## WORK INSTRUCTION
Your copy runs from the line containing "课程首日,协会邀请上海复旦大" through the last line of the listing, both included. Restate those lines word for word and leave out pictures.

## SOURCE DATA
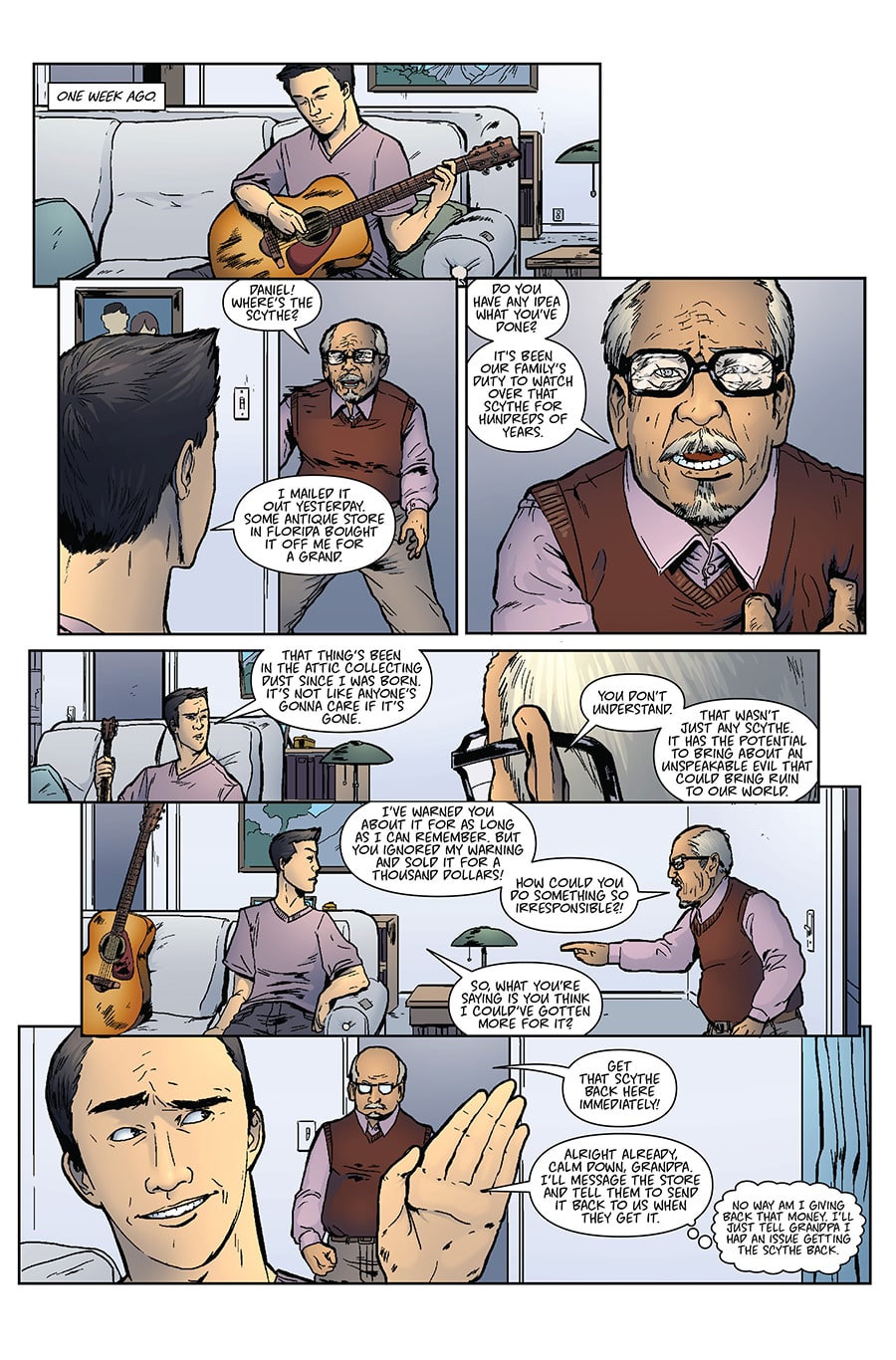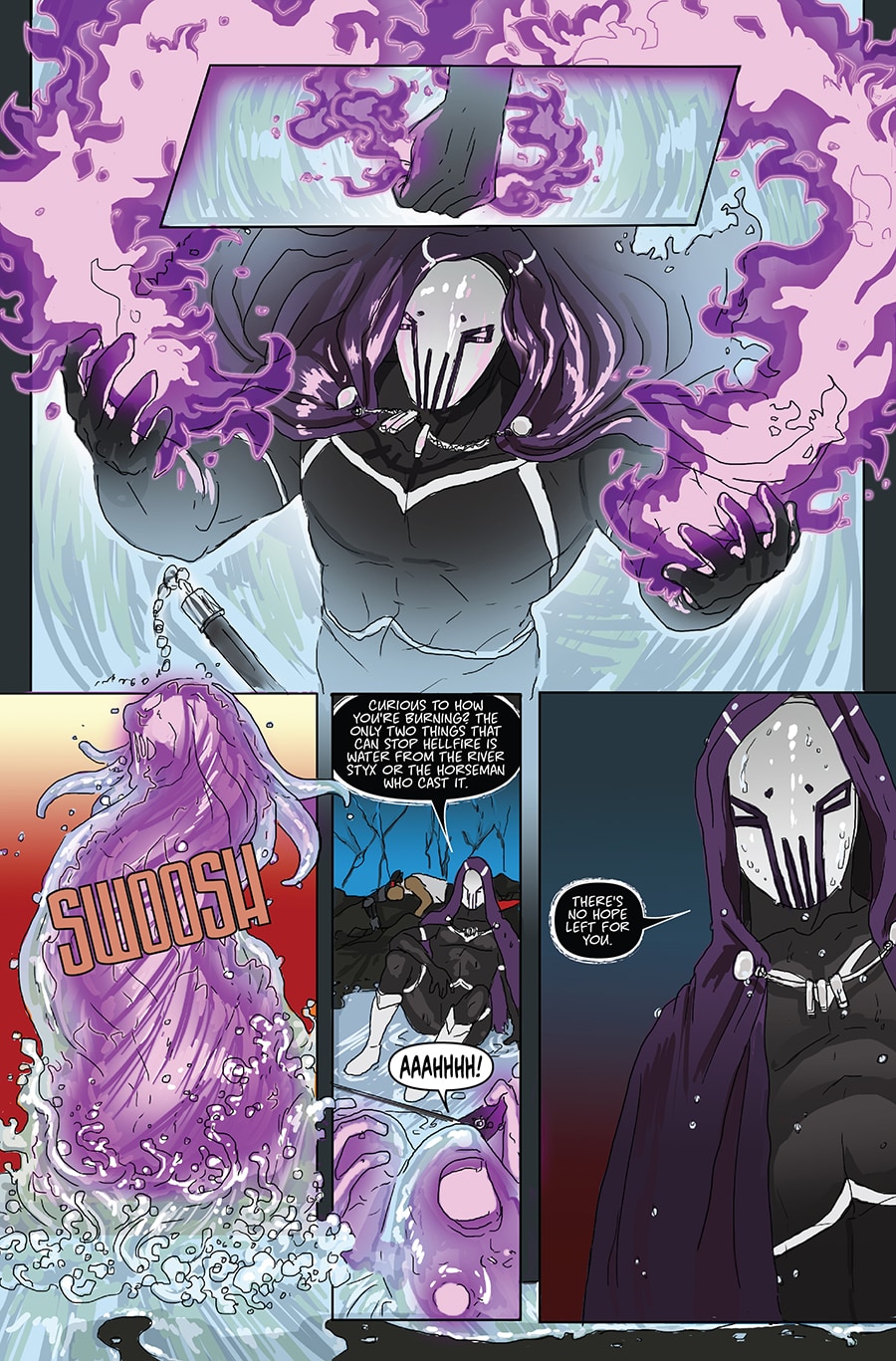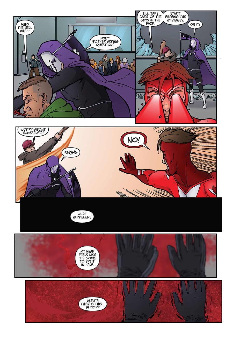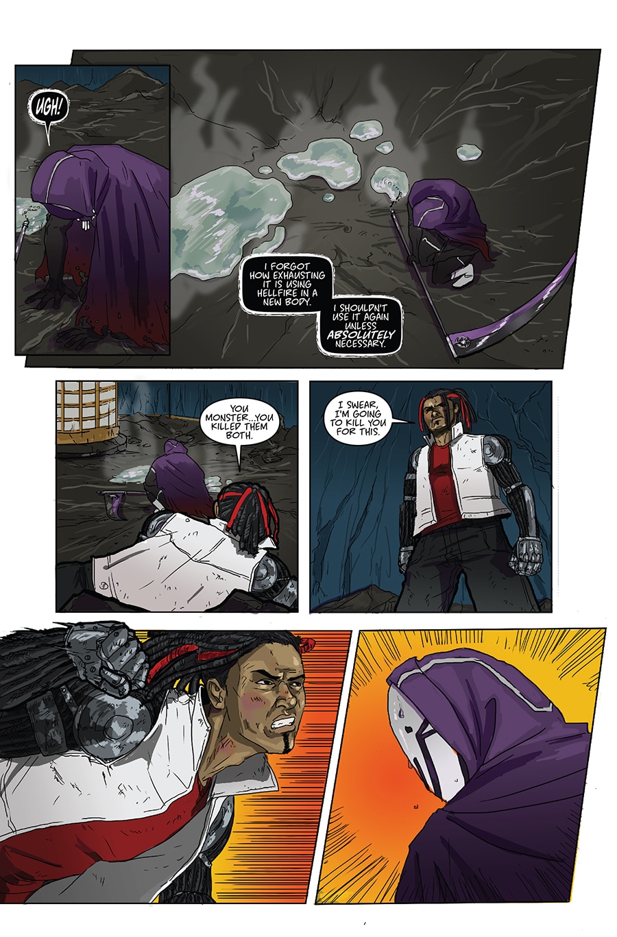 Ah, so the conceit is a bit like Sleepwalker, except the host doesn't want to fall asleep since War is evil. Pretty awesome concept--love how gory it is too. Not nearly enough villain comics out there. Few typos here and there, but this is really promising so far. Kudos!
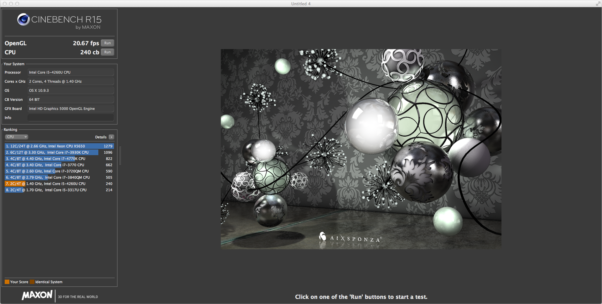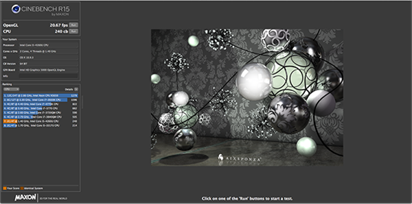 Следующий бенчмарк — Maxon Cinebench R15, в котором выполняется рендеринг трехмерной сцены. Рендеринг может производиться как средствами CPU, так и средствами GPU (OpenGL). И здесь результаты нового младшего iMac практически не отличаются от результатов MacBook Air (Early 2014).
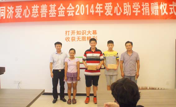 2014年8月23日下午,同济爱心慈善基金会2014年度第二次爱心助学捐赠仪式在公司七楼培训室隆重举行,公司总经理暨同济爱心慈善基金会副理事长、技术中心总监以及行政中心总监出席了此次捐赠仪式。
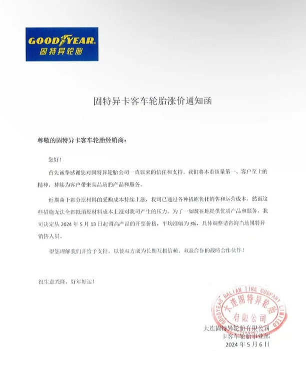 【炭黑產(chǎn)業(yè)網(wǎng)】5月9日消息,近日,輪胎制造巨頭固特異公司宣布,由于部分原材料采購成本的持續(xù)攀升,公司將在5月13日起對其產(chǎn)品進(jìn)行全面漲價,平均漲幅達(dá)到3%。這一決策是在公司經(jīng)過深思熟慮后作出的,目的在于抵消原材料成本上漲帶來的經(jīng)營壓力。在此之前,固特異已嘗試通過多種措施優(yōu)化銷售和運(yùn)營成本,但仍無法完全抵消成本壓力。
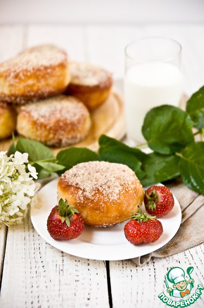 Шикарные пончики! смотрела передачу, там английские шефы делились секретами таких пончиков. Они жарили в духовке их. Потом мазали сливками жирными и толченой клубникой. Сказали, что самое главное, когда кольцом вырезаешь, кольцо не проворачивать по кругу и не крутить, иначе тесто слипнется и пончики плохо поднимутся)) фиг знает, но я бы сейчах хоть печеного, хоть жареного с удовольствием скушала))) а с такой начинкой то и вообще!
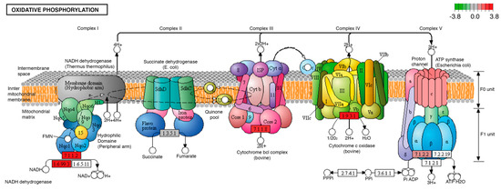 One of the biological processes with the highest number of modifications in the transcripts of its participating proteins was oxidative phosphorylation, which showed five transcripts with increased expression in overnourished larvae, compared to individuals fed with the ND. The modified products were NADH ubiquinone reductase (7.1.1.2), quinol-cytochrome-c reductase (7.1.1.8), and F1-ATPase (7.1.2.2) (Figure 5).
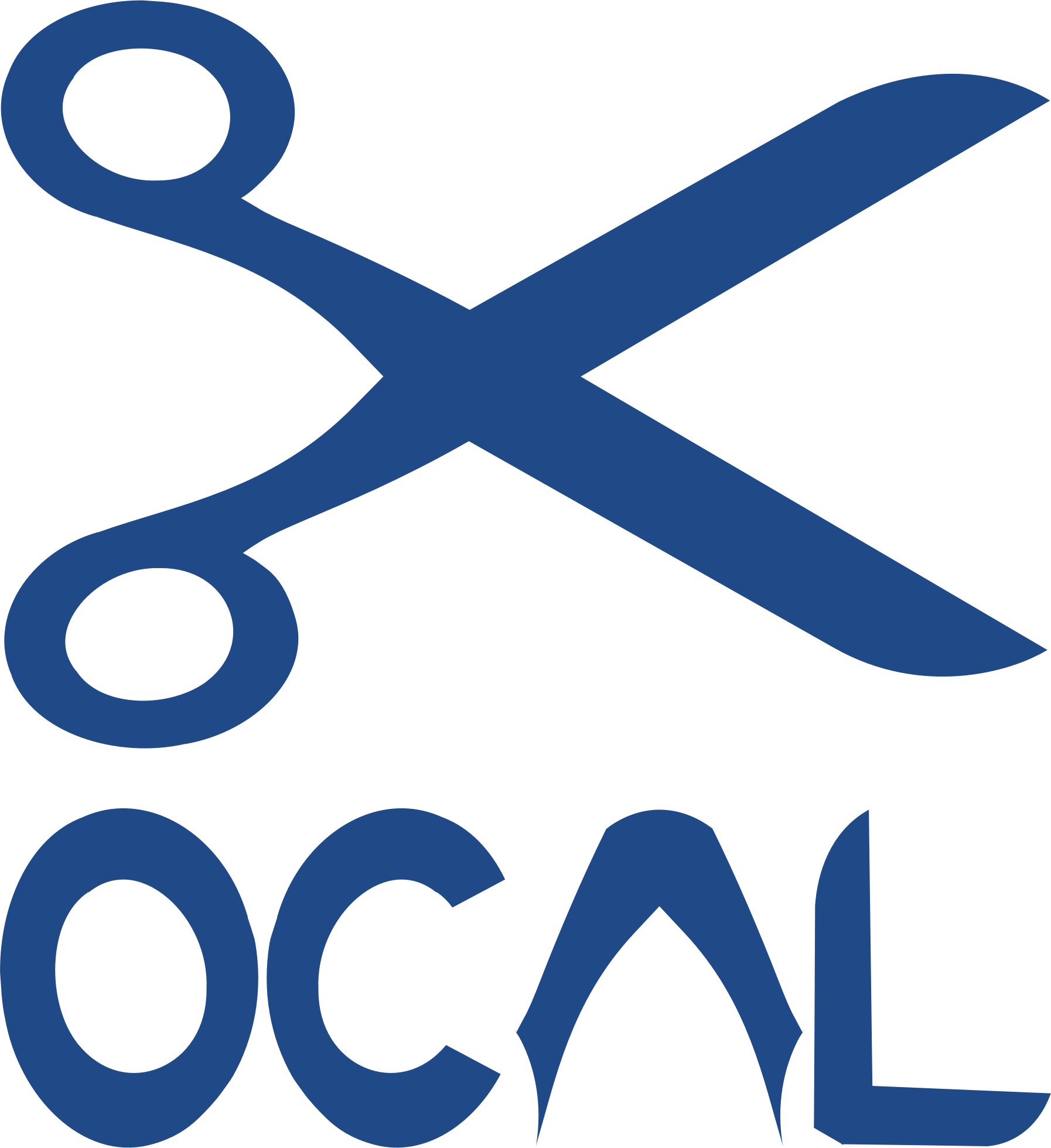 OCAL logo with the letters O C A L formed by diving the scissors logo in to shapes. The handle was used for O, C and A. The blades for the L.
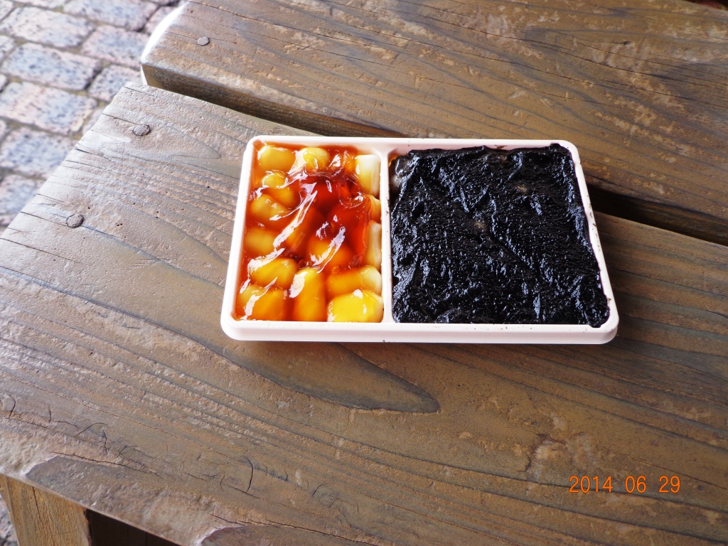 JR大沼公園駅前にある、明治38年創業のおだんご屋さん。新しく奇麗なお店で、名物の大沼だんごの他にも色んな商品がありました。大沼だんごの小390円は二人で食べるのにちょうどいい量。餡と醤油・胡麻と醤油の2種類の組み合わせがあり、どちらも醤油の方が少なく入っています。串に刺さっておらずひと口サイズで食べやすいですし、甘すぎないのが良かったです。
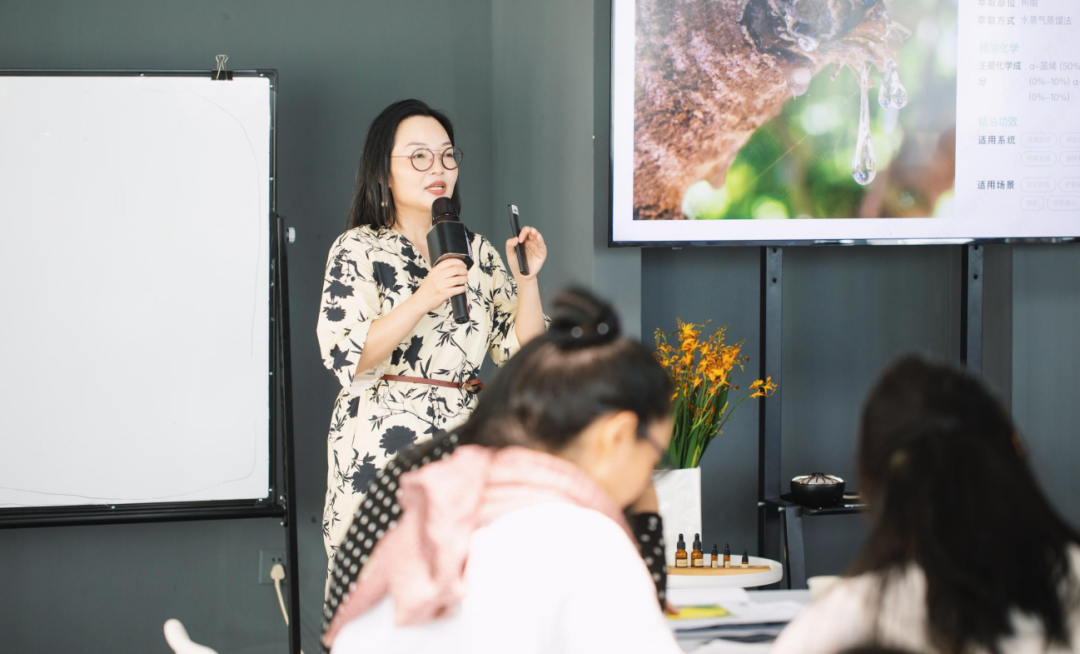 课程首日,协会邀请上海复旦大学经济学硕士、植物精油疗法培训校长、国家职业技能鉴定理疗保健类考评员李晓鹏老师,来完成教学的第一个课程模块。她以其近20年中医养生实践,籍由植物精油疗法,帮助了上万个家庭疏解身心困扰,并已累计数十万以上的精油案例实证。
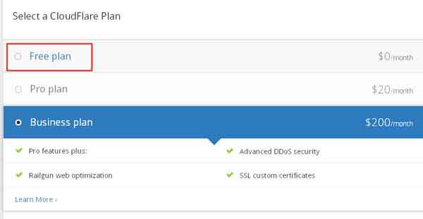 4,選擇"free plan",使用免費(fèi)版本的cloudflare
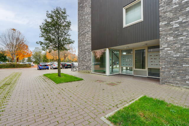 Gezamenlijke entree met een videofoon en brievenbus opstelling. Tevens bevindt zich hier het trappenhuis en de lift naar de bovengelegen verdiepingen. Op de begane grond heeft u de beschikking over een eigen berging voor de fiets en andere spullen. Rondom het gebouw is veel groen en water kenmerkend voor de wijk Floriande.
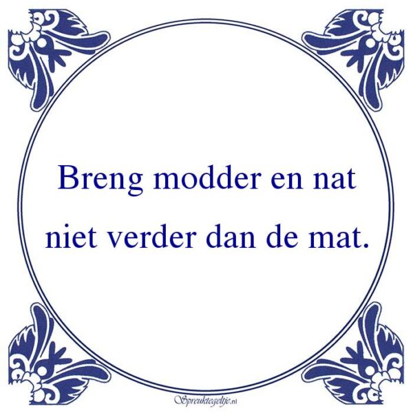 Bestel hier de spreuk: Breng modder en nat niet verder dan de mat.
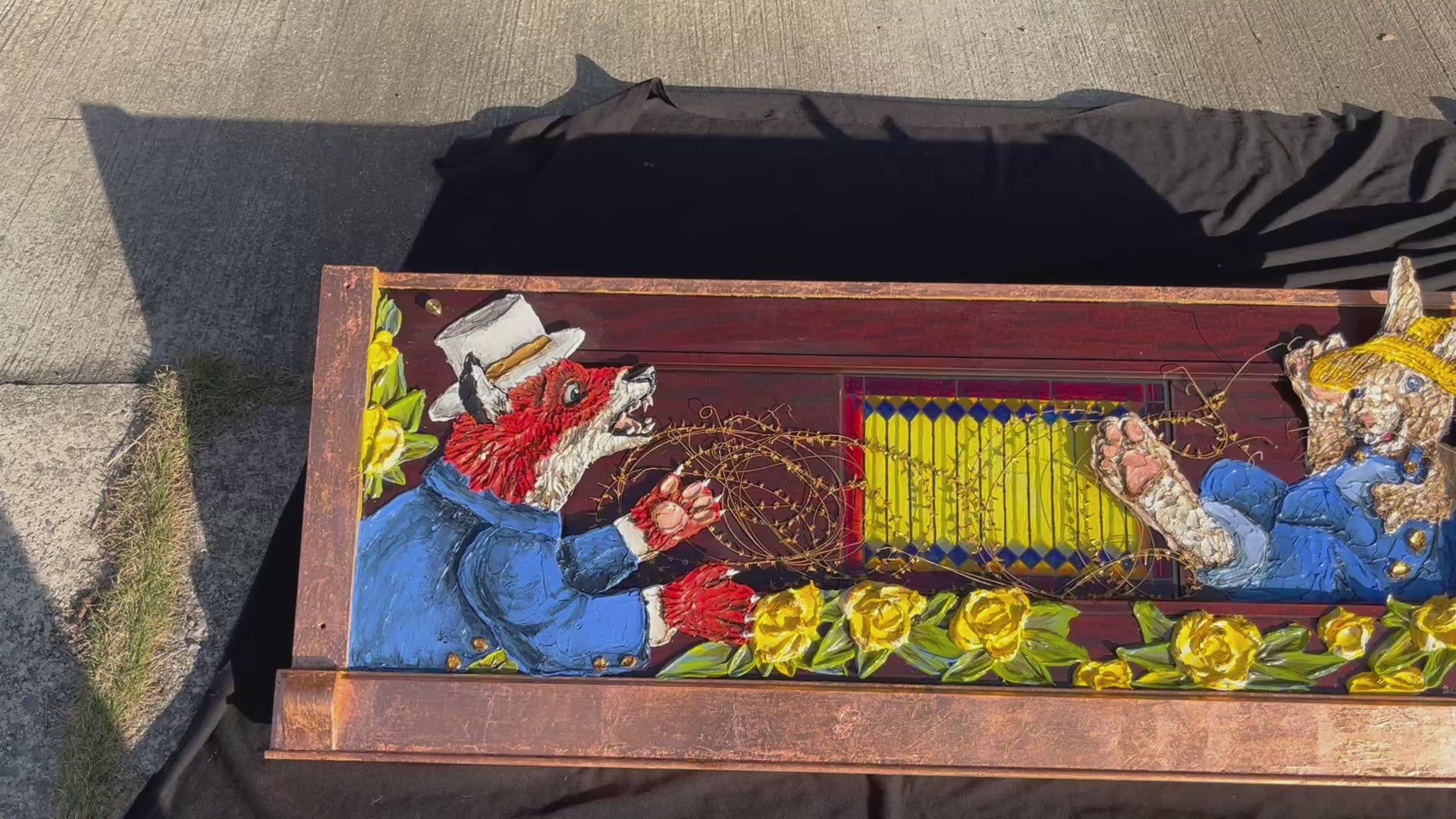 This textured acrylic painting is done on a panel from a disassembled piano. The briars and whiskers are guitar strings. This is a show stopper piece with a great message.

## RESPONSE TO THIS EXERCISE
 课程首日,协会邀请上海复旦大学经济学硕士、植物精油疗法培训校长、国家职业技能鉴定理疗保健类考评员李晓鹏老师,来完成教学的第一个课程模块。她以其近20年中医养生实践,籍由植物精油疗法,帮助了上万个家庭疏解身心困扰,并已累计数十万以上的精油案例实证。
 4,選擇"free plan",使用免費(fèi)版本的cloudflare
 Gezamenlijke entree met een videofoon en brievenbus opstelling. Tevens bevindt zich hier het trappenhuis en de lift naar de bovengelegen verdiepingen. Op de begane grond heeft u de beschikking over een eigen berging voor de fiets en andere spullen. Rondom het gebouw is veel groen en water kenmerkend voor de wijk Floriande.
 Bestel hier de spreuk: Breng modder en nat niet verder dan de mat.
 This textured acrylic painting is done on a panel from a disassembled piano. The briars and whiskers are guitar strings. This is a show stopper piece with a great message.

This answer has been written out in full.